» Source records
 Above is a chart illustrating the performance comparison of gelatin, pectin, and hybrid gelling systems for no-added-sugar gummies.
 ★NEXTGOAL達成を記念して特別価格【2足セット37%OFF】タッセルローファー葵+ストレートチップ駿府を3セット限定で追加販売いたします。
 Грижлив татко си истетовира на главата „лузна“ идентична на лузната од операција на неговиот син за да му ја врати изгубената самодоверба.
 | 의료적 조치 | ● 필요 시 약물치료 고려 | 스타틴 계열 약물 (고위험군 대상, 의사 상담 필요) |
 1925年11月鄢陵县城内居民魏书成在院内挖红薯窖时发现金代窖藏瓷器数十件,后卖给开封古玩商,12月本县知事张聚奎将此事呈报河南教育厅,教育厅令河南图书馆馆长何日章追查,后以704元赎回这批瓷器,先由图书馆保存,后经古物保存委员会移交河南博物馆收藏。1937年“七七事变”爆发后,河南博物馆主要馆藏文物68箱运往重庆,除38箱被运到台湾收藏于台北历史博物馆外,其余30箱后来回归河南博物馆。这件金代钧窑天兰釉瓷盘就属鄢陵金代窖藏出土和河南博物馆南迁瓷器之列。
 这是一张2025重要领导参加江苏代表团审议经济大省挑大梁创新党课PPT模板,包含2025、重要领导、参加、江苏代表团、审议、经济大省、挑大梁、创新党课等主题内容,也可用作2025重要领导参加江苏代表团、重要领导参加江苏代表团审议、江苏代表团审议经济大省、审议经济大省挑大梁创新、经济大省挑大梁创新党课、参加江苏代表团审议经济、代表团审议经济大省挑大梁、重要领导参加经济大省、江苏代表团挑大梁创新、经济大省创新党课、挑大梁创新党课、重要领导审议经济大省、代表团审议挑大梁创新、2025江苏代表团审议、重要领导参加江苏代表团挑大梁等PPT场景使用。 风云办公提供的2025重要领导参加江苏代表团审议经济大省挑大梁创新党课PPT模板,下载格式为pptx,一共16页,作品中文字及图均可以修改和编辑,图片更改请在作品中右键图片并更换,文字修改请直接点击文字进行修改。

» Exercise description
The entries above need to be repeated in full, exactly as written.

» Answer space
 Above is a chart illustrating the performance comparison of gelatin, pectin, and hybrid gelling systems for no-added-sugar gummies.
 ★NEXTGOAL達成を記念して特別価格【2足セット37%OFF】タッセルローファー葵+ストレートチップ駿府を3セット限定で追加販売いたします。
 Грижлив татко си истетовира на главата „лузна“ идентична на лузната од операција на неговиот син за да му ја врати изгубената самодоверба.
 | 의료적 조치 | ● 필요 시 약물치료 고려 | 스타틴 계열 약물 (고위험군 대상, 의사 상담 필요) |
 1925年11月鄢陵县城内居民魏书成在院内挖红薯窖时发现金代窖藏瓷器数十件,后卖给开封古玩商,12月本县知事张聚奎将此事呈报河南教育厅,教育厅令河南图书馆馆长何日章追查,后以704元赎回这批瓷器,先由图书馆保存,后经古物保存委员会移交河南博物馆收藏。1937年“七七事变”爆发后,河南博物馆主要馆藏文物68箱运往重庆,除38箱被运到台湾收藏于台北历史博物馆外,其余30箱后来回归河南博物馆。这件金代钧窑天兰釉瓷盘就属鄢陵金代窖藏出土和河南博物馆南迁瓷器之列。
 这是一张2025重要领导参加江苏代表团审议经济大省挑大梁创新党课PPT模板,包含2025、重要领导、参加、江苏代表团、审议、经济大省、挑大梁、创新党课等主题内容,也可用作2025重要领导参加江苏代表团、重要领导参加江苏代表团审议、江苏代表团审议经济大省、审议经济大省挑大梁创新、经济大省挑大梁创新党课、参加江苏代表团审议经济、代表团审议经济大省挑大梁、重要领导参加经济大省、江苏代表团挑大梁创新、经济大省创新党课、挑大梁创新党课、重要领导审议经济大省、代表团审议挑大梁创新、2025江苏代表团审议、重要领导参加江苏代表团挑大梁等PPT场景使用。 风云办公提供的2025重要领导参加江苏代表团审议经济大省挑大梁创新党课PPT模板,下载格式为pptx,一共16页,作品中文字及图均可以修改和编辑,图片更改请在作品中右键图片并更换,文字修改请直接点击文字进行修改。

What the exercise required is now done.